Heal: Mind Body Medicine and the Need for a Supportive Research Model



The busy clinic and the infectious diseases consult service have conspired to effectively keep me away from my blog the last 2 weeks. I am back yet blogging out of my infectious diseases comfort zone.

It is true, modern medicine is not generally focused on wellness.

The film Heal, on mind body medicine, is intriguing. The trailer is above.  Many of the narratives contained therein are powerful.  I certainly cannot imagine any significant harm from meditation, mindfulness and healthy diets. In fact, I try to practice all of this daily.

Critically lacking is a substantive research model to support mind body medicine as either alternatives or important complements to allopathic medicine, particularly for chronic illness.
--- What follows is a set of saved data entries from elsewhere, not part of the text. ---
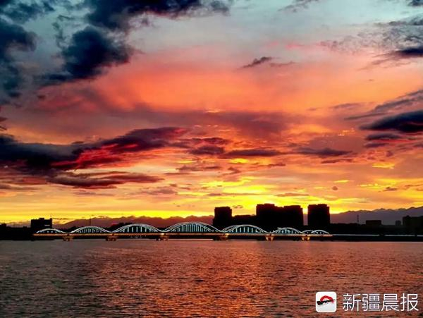 博尔塔拉大桥上空的晚霞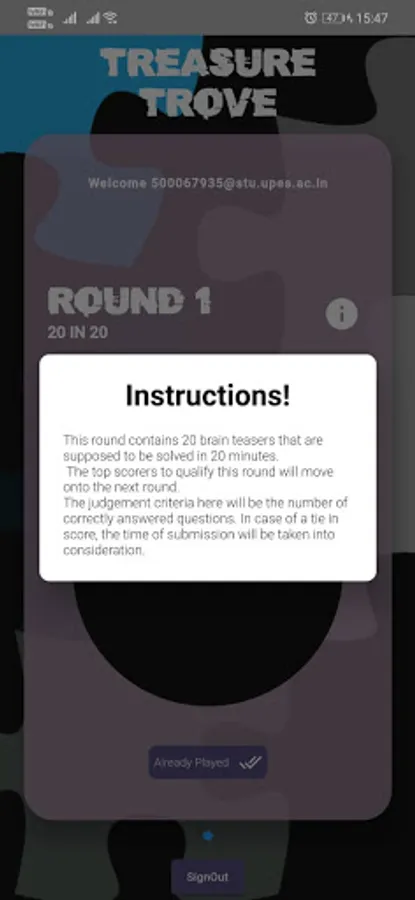 The participants will install an app provided by our team. The entire game is going to be conducted through this app. The event will be conducted in 3-rounds i.e. elimination round, the social media hunting round, and the final round.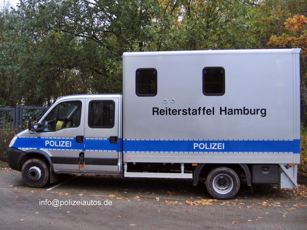 | Beschreibung: | Pferdetransporter der Hamburger Reiterstaffel. Bei Bedarf können auf das Dach der Fahrerkabine zwei Magnetblaulichter aufgesezt werden. Technische Daten Leistung: 125kW/ 170 PS zul. Gesamtgewicht: 6,5 t, Platz für 6 Beamte und 2 Pferde. Foto 3: Michael Hinz Foto 4: I. Kröning |

High quality evidence would possibly impact adoption and promotion of wellness activities.

If wellness is the goal, and mind body medicine is the principal driver, this would most likely impact health via prevention. Diminished stress, better diets, lower cholesterol and  decreasing obesity would decrease chronic illnesses such as diabetes, heart disease and arthritis.

That would be huge.

The film is worth watching.

Monday, March 11, 2019

Choosing Wisely and Contact Precautions: Society of Hospital Medicine Online Journal Club and Twitter Chat


For those you with interest in the Choosing Wisely campaign and the topic of contact precautions,  there will be an online journal club tonight and twitter feed on this topic (March 11, 2019- 9PM ESTJournal of Hospital Medicine (#JHMChat)
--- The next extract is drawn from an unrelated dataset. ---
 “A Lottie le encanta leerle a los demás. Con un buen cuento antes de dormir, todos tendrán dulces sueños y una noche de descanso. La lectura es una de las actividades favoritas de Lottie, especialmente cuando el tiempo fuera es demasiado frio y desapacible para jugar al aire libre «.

The  paper to be discussed is Things We Do for no Reason: Contact Precautions for MRSA and VRE. Our work is referenced in the paper.

I realize that this topic may not be popular with some in the  infection prevention community.

Your feedback is welcomed.



Monday, March 4, 2019

Hot of the Press: Infection Control Bundles in Intensive Care Units in Low and Middle Income Countries

INTERNATIONAL SOCIETY FOR INFECTIOUS DISEASESThe Journal of Hospital Infection recently published this article on infection control bundle implementation in low and middle income countries (LMICs).A key take home message is that LMICs need to developed their own evidence based bundles with low cost for maximal implementation. This can be done and was reported by the International Nosocomial Infection Control Consortium (INICC) here.

The ISID Guide to Infection Prevention in the Healthcare Setting also focuses on specific guidance in LMICs, free and open access to all.

In collaboration with authors from around the world, and at the request of the International Journal of Infectious Diseases, select position papers will go to press this year on topics such as preventing central line associated bloodstream infections and improving hand hygiene. These papers will focus on implementation in LMICs. I am proud to be involved in this project.